In a sea of black, red will shine through.

The Golden Globes were aired this past. If you didn't notice, Hollywood decided to coordinate their color dresses but some celebrities stuck out from the crowd like sore thumbs. The event was meant to advocate for sexual harassment and sexual assault in the entertainment industry and hoped that by making a statement with color, the message would be heard worldwide that women are no longer remaining silent when oppressed by powerful misogynists.

Maybe some missed the memo and decided to roll with it anyway, or they simply chose to remain completely separate from this highly politicized issue. Either way, the time and place for individuality may not have been a place dedicated to activism.

Blanca Blanco and Barbara Meier were among the few women who chose to wear red to the awards ceremony. People had some interesting things to say about it, too:

Some may have responded in rather funny ways, but the root of this issue is anything but humorous. These women made their statements as to why they chose not to dress in black, but people are not accepting these responses as valid.
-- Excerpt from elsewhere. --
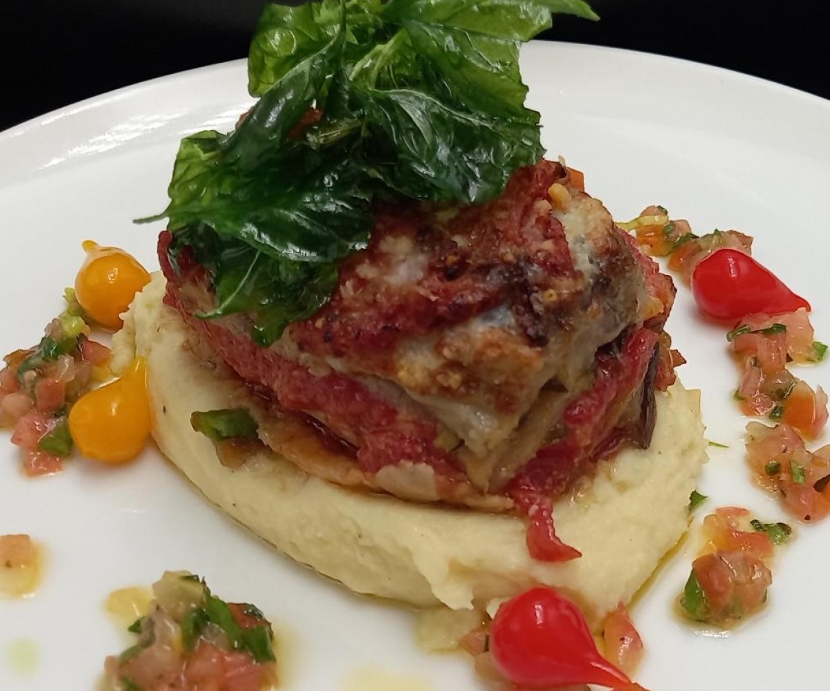 Tranche d'aubergine, courgette, tomate concassées, mozzarella, parmesan, sauce viergePhoto non contracuelle

Blanca Blanco simply responded, “I love red,” which not only refuses to address the actual issue of failure to support, but it does little to really explain her choice. If you ask a football player who refuses to kneel during the anthem why they do it, I’m sure their response wouldn’t be, “I like standing.” Every choice means something, and one can venture a guess that choices made by people of high fame are almost inherently political.

As entertainers and icons, it is important to exercise your voice and be heard and stand up for issues that impact the majority of people. To wear red when women supporting sexual harassment and assault victims are wearing black is not only disrespectful to the cause, it essentially states to these women that what they are advocating for is not worth supporting, or worse, is not worth acknowledging at all.